Things are going to change.  Jobs will be gained and lost.  Loves will be embraced and released.  Businesses will thrive and dissolve.  Residences will be moved into and out of.  Health, finances, plans, will go this way and then that.

Change is the thing we aren’t naturally programmed for because the internal, stay-safe, survival mechanisms are geared to kick in when “different” shows up.

Let’s say you usually spend all day in an office.  Boom!  Layoff, and you’re now home.  Or you’ve been in a relationship for years.  Boom!  It breaks up.  Or, yes, even those who haven’t been in a relationship for years…Boom!  You’re in one!

We can go through the above scenarios for any aspect of life.  The question is: how to adapt most effectively.

The first hurdle is the commitment to actually adapt.  Many hold onto the old system, pattern, situation like a child attached at the hip to a parent on the first day of kindergarten.  We’ve probably all read “Who Moved My Cheese?” and yet a commitment to embrace and adapt to change isn’t always our first reaction.

The second element is to understand and embrace agile.  Agile is not only a descriptive of someone nimble and quick, but a term used in the world of software development where the focus is on quick adaptation based on short and regular reassessments of the situation and what is wanted and needed. But they get the product out NOW…not when it’s perfected.

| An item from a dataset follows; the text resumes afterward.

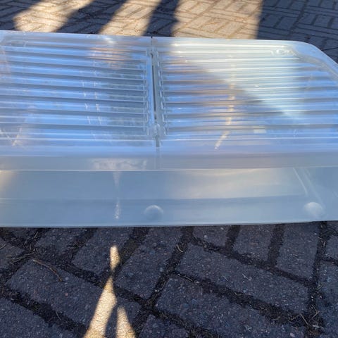 Sängyn alle isohko laatikko. Näitä saa toisenkin jos haluaa. Kappaleelta 5 euroa.

There’s a lot of relevance to this concept for our own lives in The Back Forty.  Guess what?  Shift happens!  And it tends to take on greater seeming impact and significance as we move into the second half of life.

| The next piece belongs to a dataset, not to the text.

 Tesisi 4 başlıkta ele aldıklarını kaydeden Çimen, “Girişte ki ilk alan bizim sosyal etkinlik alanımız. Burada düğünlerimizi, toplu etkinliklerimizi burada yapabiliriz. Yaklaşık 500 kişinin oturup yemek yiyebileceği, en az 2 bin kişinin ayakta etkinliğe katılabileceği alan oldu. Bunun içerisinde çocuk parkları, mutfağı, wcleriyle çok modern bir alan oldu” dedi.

Taking on the agile way in which those in the first half – the 18, 20, 25yr olds – simply play and learn and play and learn some more can support us who have “been around the block a few times” loosen up, commit to adapt, and by God even start to have fun with it!

Giving up the expectation that anyone or anything will stay the same or that, in adapting, we’ll “get it right the first time” allows us the patience to stay on the playing field…with an emphasis on “play“.

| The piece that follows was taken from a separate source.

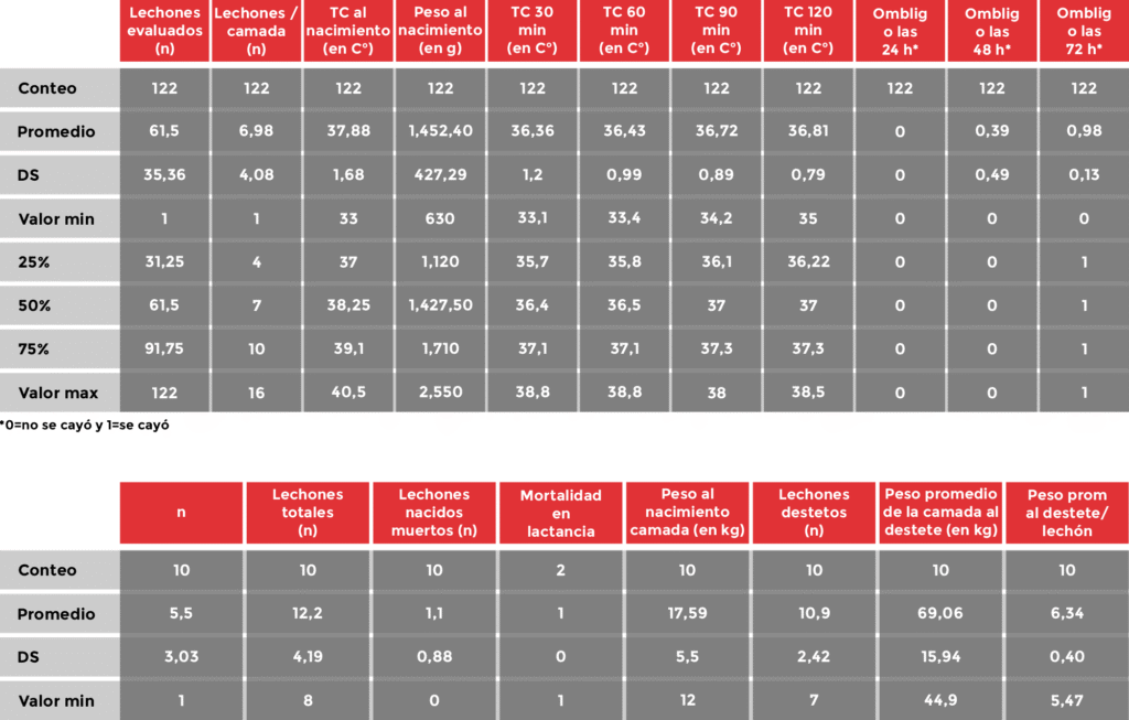 La mortalidad y supervivencia se documentaron, registrando el número de lechones fallecidos en las primeras 48 horas postparto (catalogada como mortalidad neonatal temprana) y durante toda la fase de lactancia hasta el destete. Siempre que fue posible, se anotaron las causas aparentes de muerte, tales como aplastamiento, debilidad o diarrea, entre otras.

Try a new approach? Conduct an experiment? Design a new context within which to hold it all?  Any of these can be forward-falling directions to take so as to flow with the shifting winds of life.  And falling forward fast is what will get us doing what we came here to do…not waiting until everything is stable.

Where can you bring playful and agile adaptation to changing plans, people and places in your Back Forty world today?

“Success today requires the agility and drive to constantly rethink, reinvigorate, react and reinvent.”